Segment Start: Exercise data
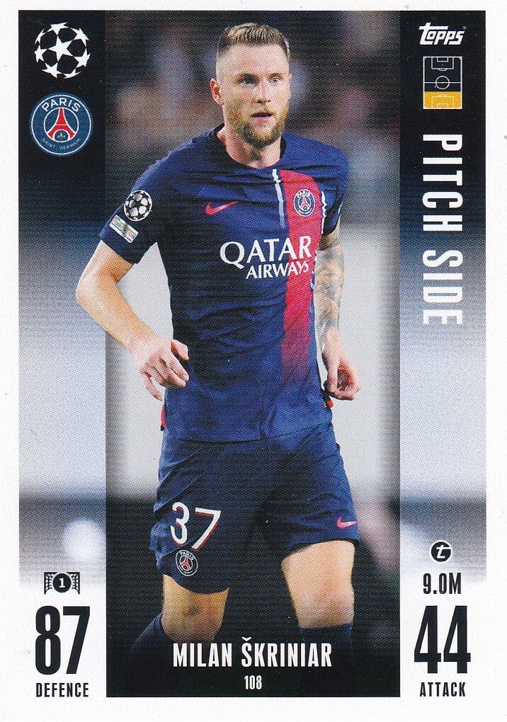 Milan Skriniar / Paris St. Germain / Topps Champions League 2023 Extra / Pitch Side / Nr. 108
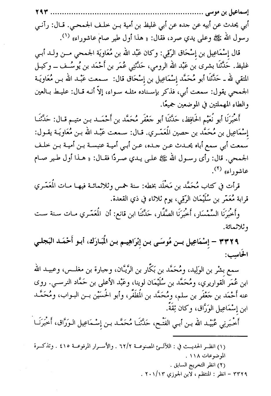 3329- إسماعيل بن موسى بن إبراهيم بن المبارك، أبو أحمد البجلي الحاسب [3] :
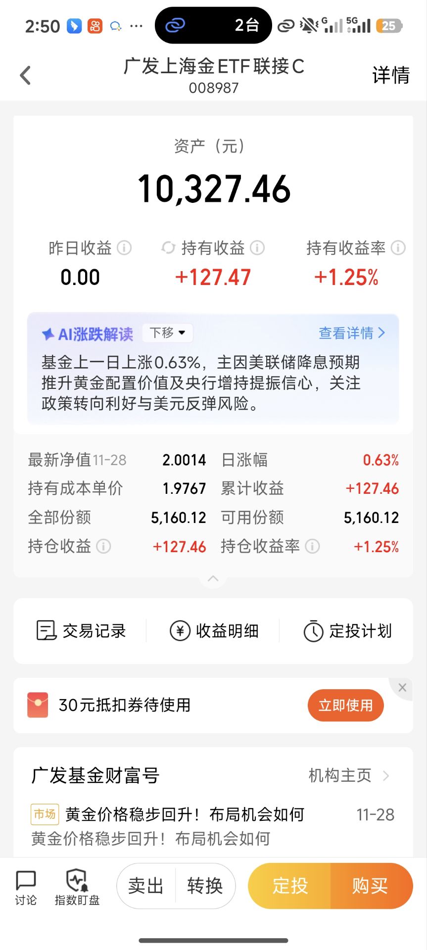 小沐持有的$广发上海金ETF联接C(OTCFUND|008987)$ 也开始吃肉了!
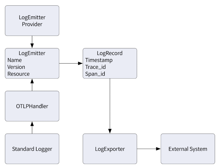 위의 그림은 하나 이상의 로그 이미터를 인스턴스화하는 매커니즘을 제공하는 LogEmitterProvider, LogRecord 데이터를 생성하는 LogEmitter, 로그 레코드를 사용하고 데이터를 백엔드로 보내는 LogExporter가 있다.
Segment End: Exercise data
Find the line with "小沐持有的$广发上海金ETF". Return it and each line after it through the end of the data, exactly, without pictures.

 小沐持有的$广发上海金ETF联接C(OTCFUND|008987)$ 也开始吃肉了!
 위의 그림은 하나 이상의 로그 이미터를 인스턴스화하는 매커니즘을 제공하는 LogEmitterProvider, LogRecord 데이터를 생성하는 LogEmitter, 로그 레코드를 사용하고 데이터를 백엔드로 보내는 LogExporter가 있다.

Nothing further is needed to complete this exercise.